Find the Maximum Number of Elements in Subset

Problem Description

Given an array of positive integers, we need to choose a subset of elements such that after reordering, they form a symmetric “power‐chain” array that follows the pattern: [x, x², x⁴, …, x^(k/2), x^(k), x^(k/2), …, x⁴, x², x] where k is any non-negative power of 2. In other words, aside from the single element case, the pattern requires that the first element appears twice (as the first and last element), the second element appears twice, and so on—with the “middle” element only appearing once. For example, [2,4,16,4,2] and [3,9,3] are valid while [2,4,8,4,2] is not. The goal is to return the maximum number of elements a subset can have while still being able to order them to fit this pattern.

Key Insights

• The valid pattern is symmetric with paired elements on both sides except possibly the center.
• If we pick a base x, to form a valid pattern longer than just [x] (length 1), we need at least two occurrences of x.
• The chain is generated by repeatedly squaring the previous element.
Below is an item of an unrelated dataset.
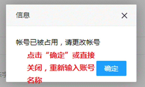 三、点击注册,若弹出以下提示框,则您输入的账号已经有人注册,被占用了,则需重新输入账号名称
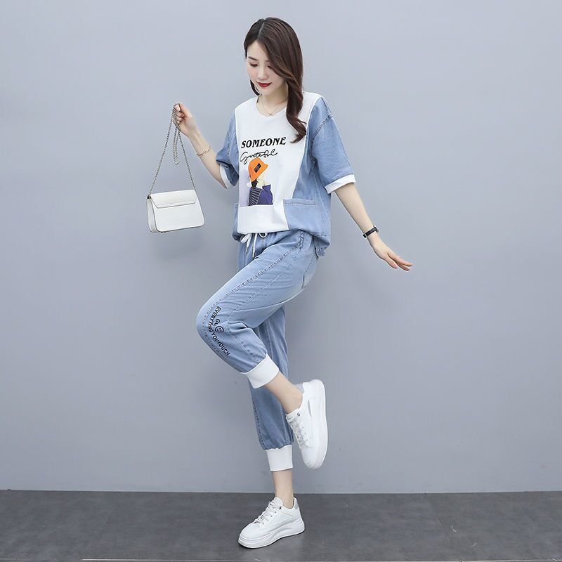 夏季休闲时尚牛仔套装2023年新款女爆款网红职业两件套洋气减龄裤

For a chain starting with x, the next required element is x²; then (x²)² = x⁴; and so on.
• For each extension step (beyond the very last element), the element used in the symmetric pair must appear at least twice, whereas the center element only needs to appear once.
• We can compute the maximum chain length from each candidate base x (using frequency counts) and then return the maximum over all bases.

Space and Time Complexity

Time Complexity: O(n * log(max(nums))) – We iterate over each unique element from the array (O(n)) and for each, we potentially extend the chain in a logarithmic number of steps with respect to the magnitude of values. Space Complexity: O(n) – For storing the frequency count of the numbers.

Solution

We use a frequency map (hash table) to count occurrences of each number. For each unique number x in the array:

1. A chain of length 1 (i.e. just [x]) is always valid if x appears at least once.
2. To extend the chain into a valid pattern (e.g., [x, x², x]), x must appear at least twice and x² must exist in the map.
3. Once we have a chain of length 3, each further extension requires that the current “middle” number (say, y) appears at least twice (since it will appear in symmetric positions) and that y² exists, so that the pattern can be extended by two.
4. We update the maximum chain length over all possible starting x values. The algorithm then returns this maximum chain length as the answer.

Code Solutions